The Russian-made An-24 aircraft operated by PMT Air crashed Monday during a storm while flying between Siem Reap — site of the famed Angkor Wat temple complex — and Sihanoukville on the southern coast.

Information Minister Khieu Kanharith announced that all aboard had been killed hours after the searchers located the crash site high on a forested mountain.

"All have died. It is confirmed," he said.

Thirteen South Korean and three Czech tourists were on board, as well as five Cambodian airline employees and a Russian co-pilot, officials said.

A helicopter spotted the crash site for the first time early Wednesday morning after some 1,000 soldiers and police mounted an urgent two-day search by land and air through treacherous jungle in rainy monsoon weather.

The plane crashed northeast of Bokor Mountain in Kampot province, according to provincial Deputy Governor Khoy Khun Huor, who said he saw the crash site from a helicopter.
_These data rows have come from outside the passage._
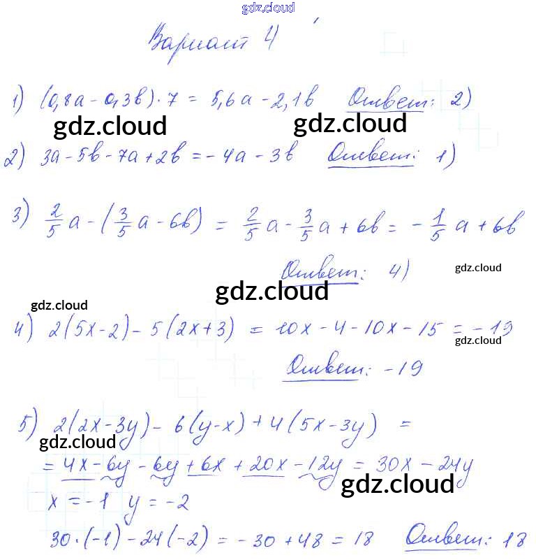 Ответ на задание вариант 4 Самостоятельные и контрольные работы Алгебра  за 7 (седьмой) класс Глазков, Гаиашвили УМК  2019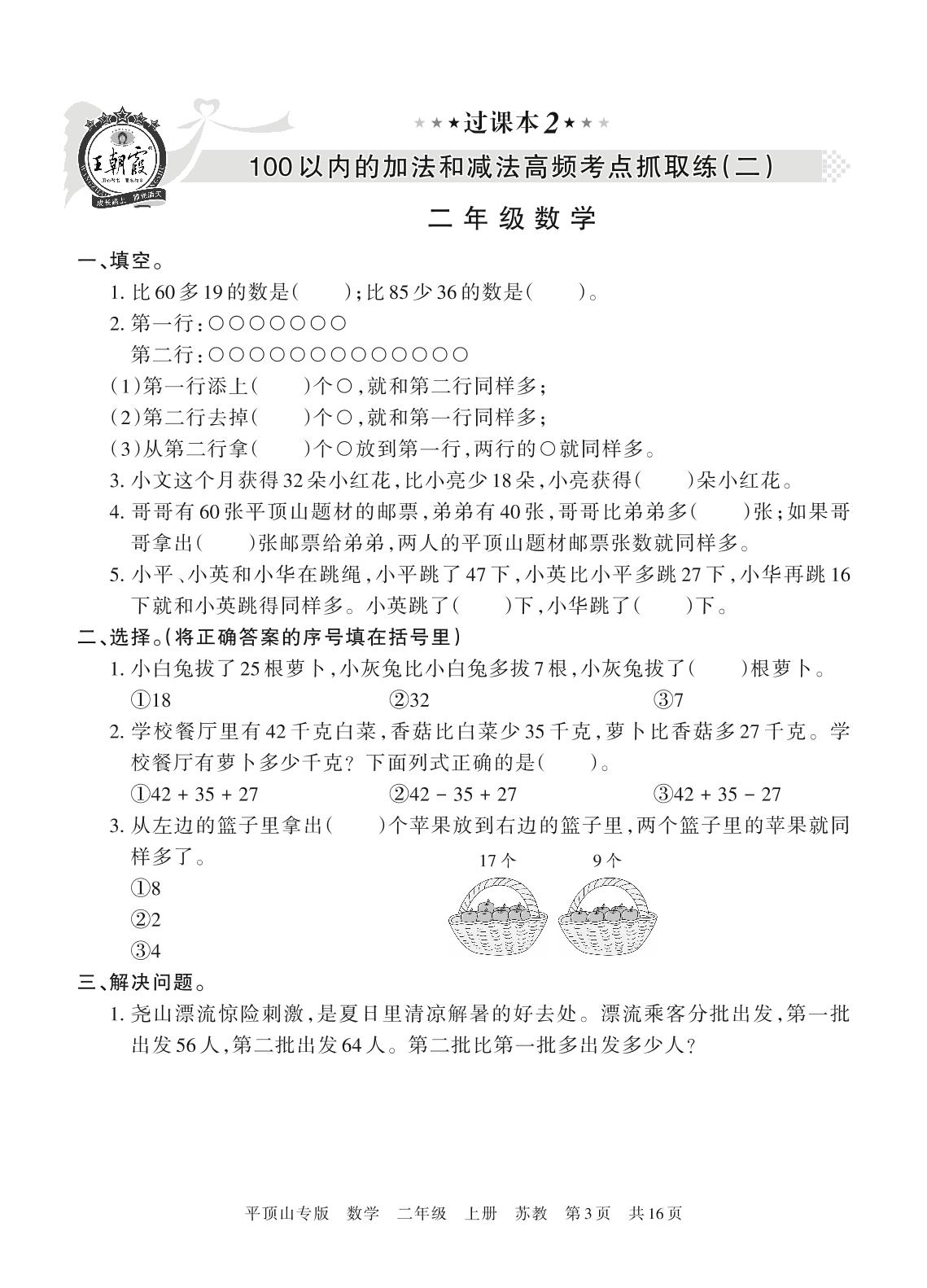 王朝霞期末过课本——100以内的加法和减法高频考点抓取练(二)二年级上册数学(苏教版)_R211201141055689【2】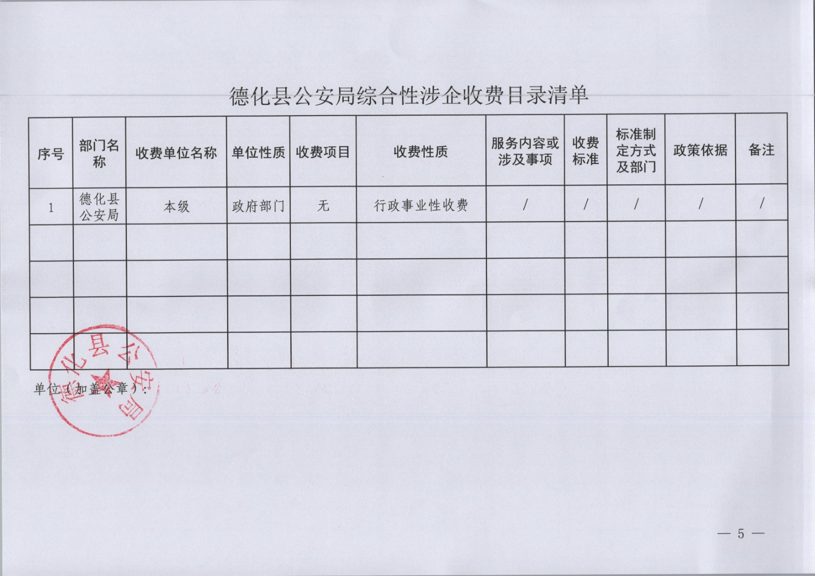 公安局综合性涉企收费目录清单

He said the wreckage did not appear to have been on fire.

More than a dozen family members of some of the South Korean passengers arrived in Phnom Penh from Seoul late Tuesday to await news of the fate of their relatives.

Ly Thuch, a disaster management official, said the Cambodian government will pay for their accommodation while they are in the country.

PMT Air is a small Cambodia airline that began flights in January from Siem Reap to Sihanoukville, a new domestic route launched by the government to spur the country's burgeoning tourism industry.

Sar Sareth, the airline's director, said Tuesday that he did not know what year the crashed plane was built, but added that it was in "good condition" before taking off from Siem Reap on Monday.

"It was always in compliance with flight technical and safety procedures. But we cannot say anything yet (about the cause) because information is on the flight recorder," he said.